El omega en su muñeca fue lo primero que me hizo fijarme en él. El reloj era carísimo; claro, lo había visto en un catálogo hace un par de semanas. Tenía el pelo alborotado, y la sonrisa estúpida. Encima tambaleaba, y la bebida que contenía su vaso no era ni medianamente fuerte. Parecía caído del cielo, al menos para mí, cruce los dedos y comencé a caminar.
No fue muy difícil llamar su atención, mi escote estaba siendo suficientemente generoso y sus ojos no parecían detenerse solo en eso. En fin, pasamos la noche y al otro día ya quería que me casara con él. Puse en acción todas mis virtudes, si mi madre viviera seguro que habría estado muy orgullosa. Deje completamente seco al maldito. Y no me refiero a sus bolas, por supuesto.
La fortuna parecía haber llegado a mí como por arte de magia. Esa misma semana conocí otro imbécil dispuesto a sumar ceros a mi cuenta personal. Otro ingenuo hijo de papá, con el miembro tan grande como su cerebro a la hora de darme su teléfono celular. Es que hay que se retrasado para guardar claves de acceso en algo que están fácil de encontrar.
Bueno, las sonrisas fueron lo primero y la desgracia cayó sin llegar a disfrutar de todo ese dinero. El virus o no sé qué mierda, se extendió tan rápido, que en menos de dos noches el mundo se despojó de la poca humanidad que le quedaba. ¡Puff! Salían de todas partes, y empezaron a atacar a la gente. Me sentía en un videojuego, sin pistola, y sin un Leon Kennedy al que engatusar.

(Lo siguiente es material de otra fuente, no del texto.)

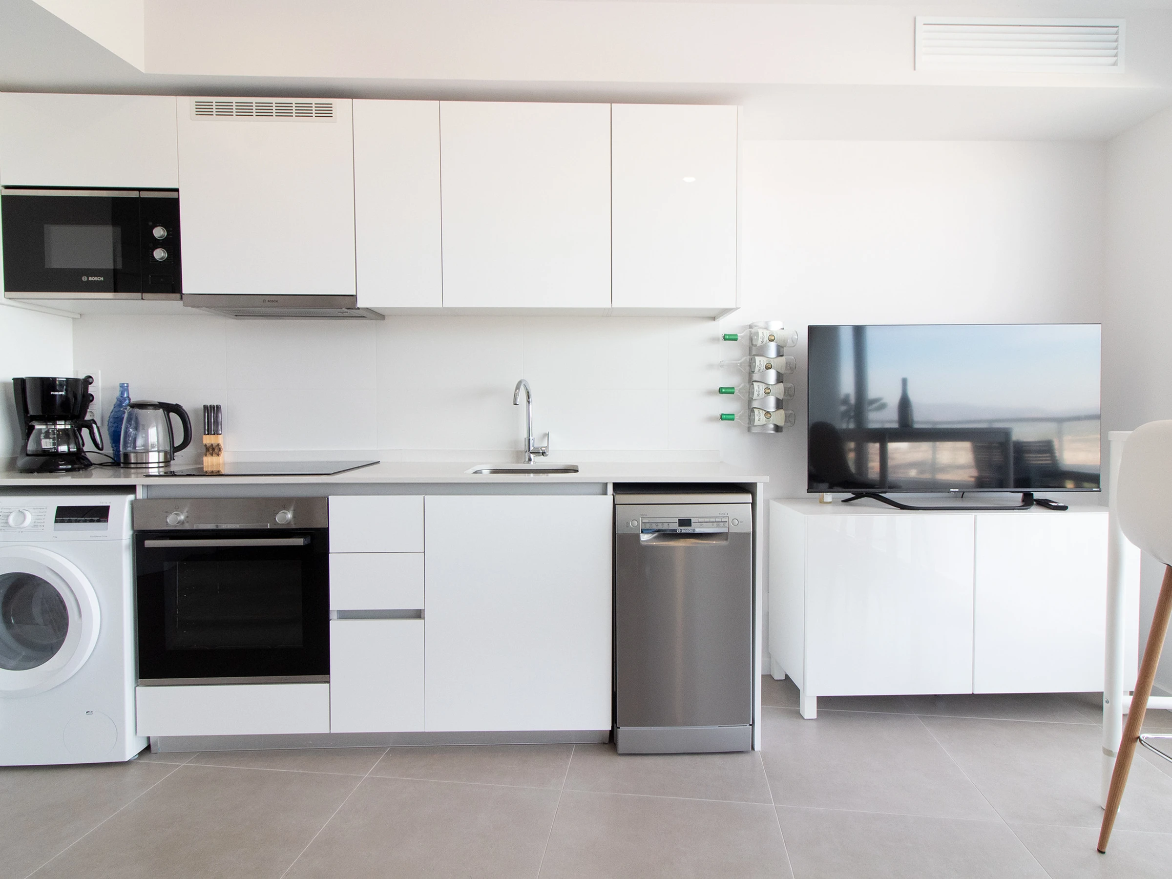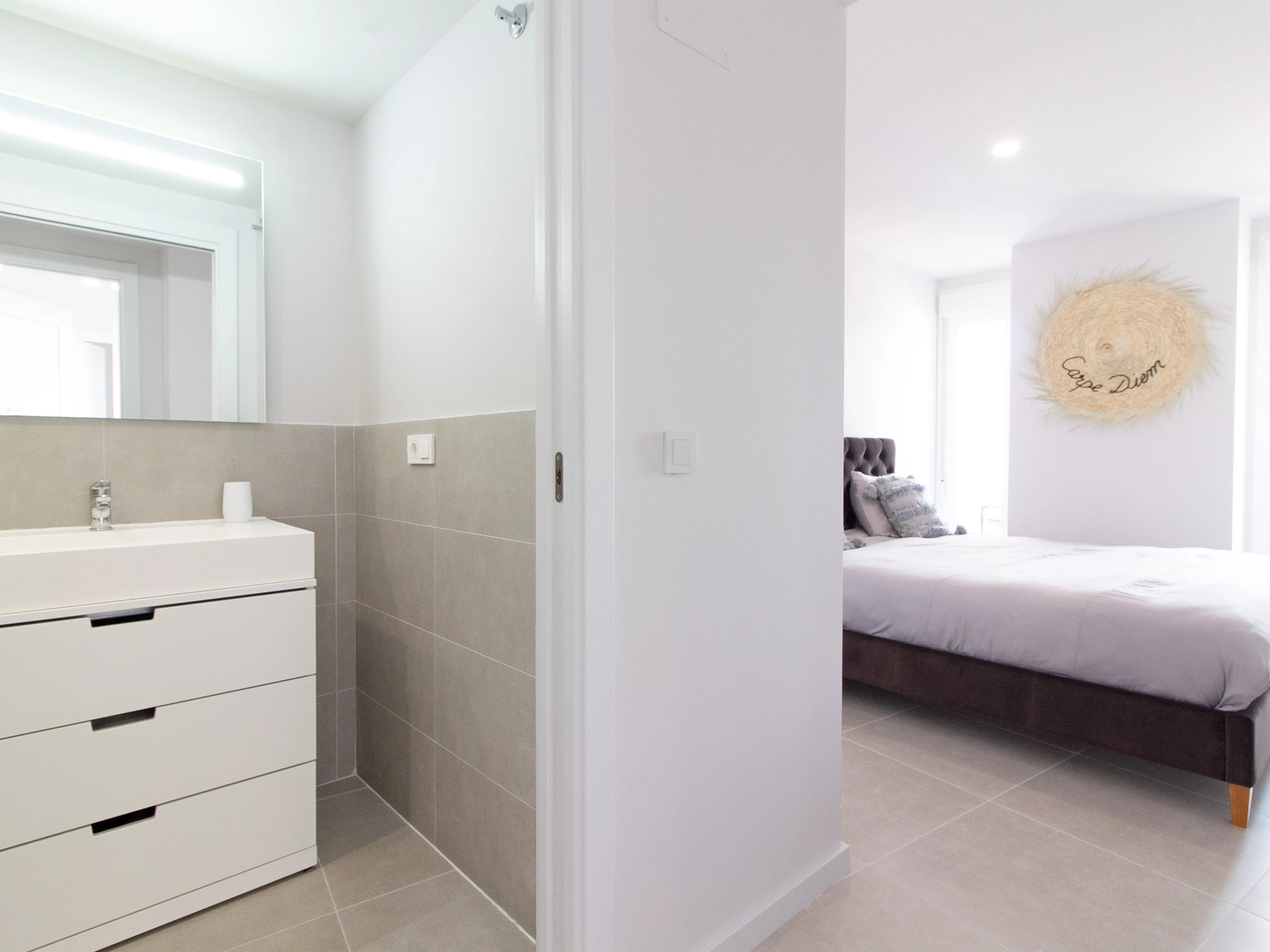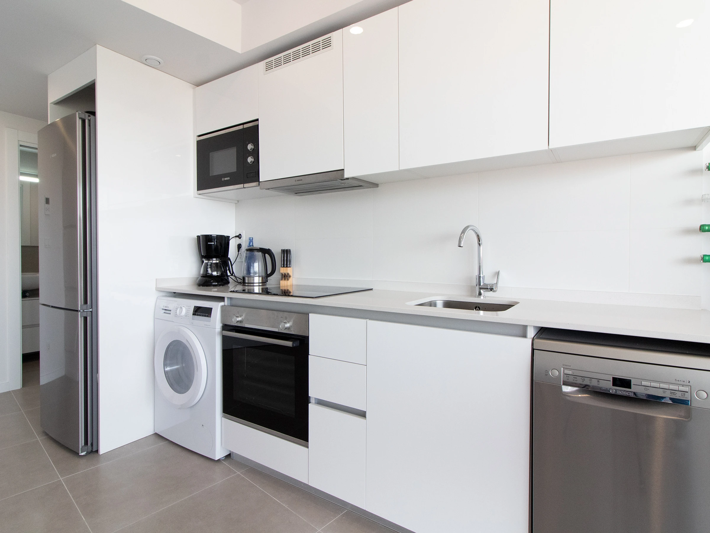 El apartamento dispone de 2 dormitorios y 2 baños. Además, cuenta con una cocina abierta al salón y grandes ventanales, los cuales dan acceso a la terraza. La terraza de 23 m² se encuentra completamente equipada y es el sitio perfecto para disfrutar en familia o con amigos.

Cuando me obligaron a salir de mi edificio alcancé a refugiarme en una tienda de un pequeño centro comercial. Después de una horas, lo que ocurrió si fue más que una sorpresa. No esperaba tanto amor de su parte, los tortolos habían venido a rescatarme, estaban más feos, pero tan babosos como antes. Habían salido tan fieles y tan mala persona, yo.
En fin, escribo esto antes de que tiren la puerta. Es evidente que están locos por mí. No sé cómo explicarles que no les guardo ningún remordimiento por dejarme.